• Work instructions
For the material below, set down exactly the lines between the one containing "Womenswear | Dark" and the last line, both included, leaving every picture out.
====================
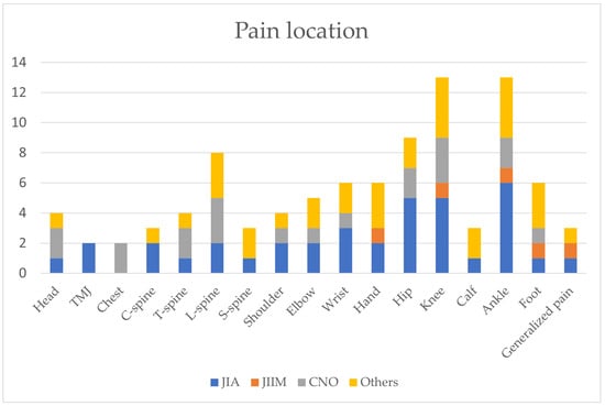 As whole-body MRI is becoming increasingly available and will be increasingly used in clinical practice in the future, the database of patients who underwent the scan will expand. This will provide the opportunity for further analysis, including the relationship of the location of individual symptoms versus radiological findings. A study conducted at another medical center in Poland by Lanckoroński et al. [] analyzed the whole-body MRIs of pediatric patients with CNO, JIA, their overlapping syndrome and non-specific arthropathy. The paper focused on radiological findings, and compared to our study, did not describe in detail the clinical symptoms and the results of laboratory tests. In addition, our study also included patients with JIIMs and other diseases that could be diagnosed by MRI. It is important to consider imaging studies as part of the patient’s assessment in relationship with the clinical presentation of the disease and laboratory findings in order to avoid unnecessary treatment of incidental radiological findings [,].
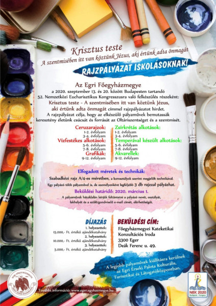 A rajzpályázat célja, hogy az elkészülő pályaművek bemutassák keresztény életünk csúcsát és forrását, az Oltáriszentséget és a szentmisét.
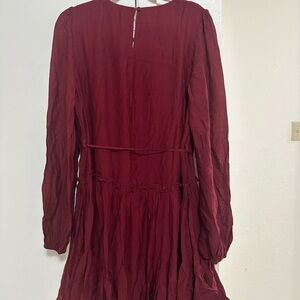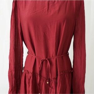 Blu ivy maroon swing dress with tie and ruffled bottom new with tag
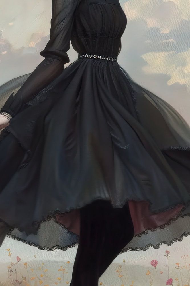 Womenswear | Dark Elegance Blooms - Dieses Gemälde für Frauen zeigt eine anmutige Dame in einem eleganten schwarzen Kleid inmitten eines vielfarbigen Blumenfeldes, in dem Schmetterlinge vor einem sanft getönten Himmel flattern.
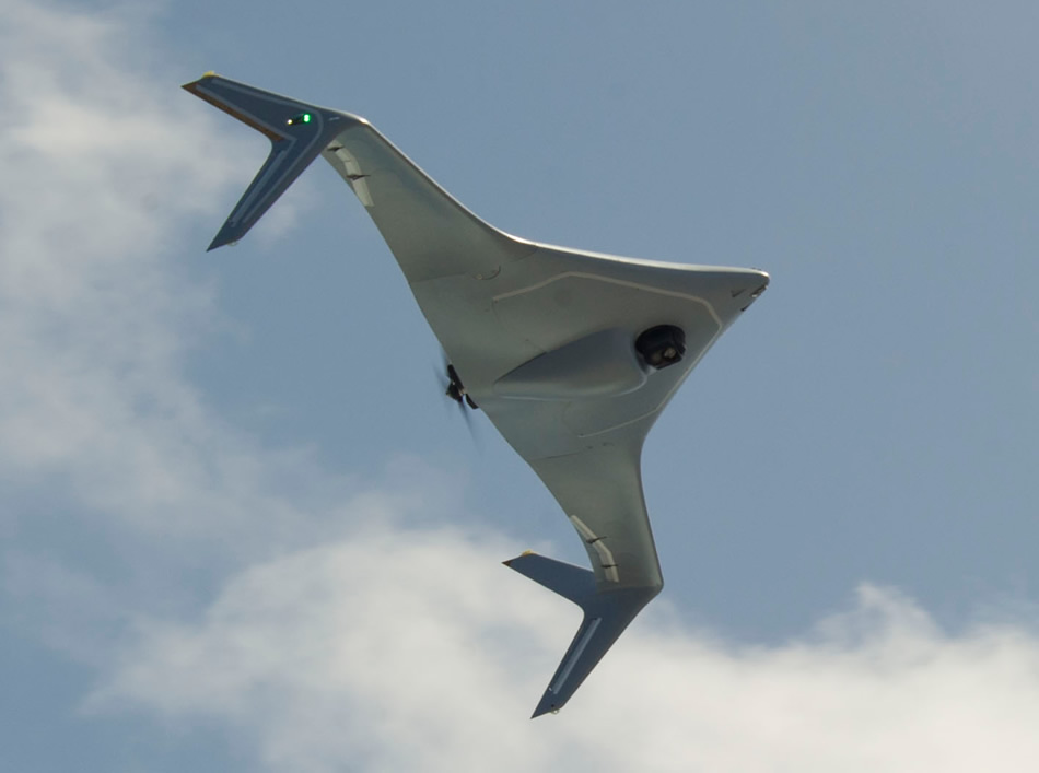 STRAITS OF FLORIDA (June 06, 2014) During an experimentation conducted by U.S. Fourth Fleet and Navy Warfare Development Command (NWDC), the BAT Unmanned Aircraft System flies over the Joint High Speed Vessel USNS Spearhead (JHSV 1) during its maiden flight off of a U.S. Navy vessel. (U.S. Navy photo by Lt. Jessica Crownover)
====================
• Answer
 Womenswear | Dark Elegance Blooms - Dieses Gemälde für Frauen zeigt eine anmutige Dame in einem eleganten schwarzen Kleid inmitten eines vielfarbigen Blumenfeldes, in dem Schmetterlinge vor einem sanft getönten Himmel flattern.
 STRAITS OF FLORIDA (June 06, 2014) During an experimentation conducted by U.S. Fourth Fleet and Navy Warfare Development Command (NWDC), the BAT Unmanned Aircraft System flies over the Joint High Speed Vessel USNS Spearhead (JHSV 1) during its maiden flight off of a U.S. Navy vessel. (U.S. Navy photo by Lt. Jessica Crownover)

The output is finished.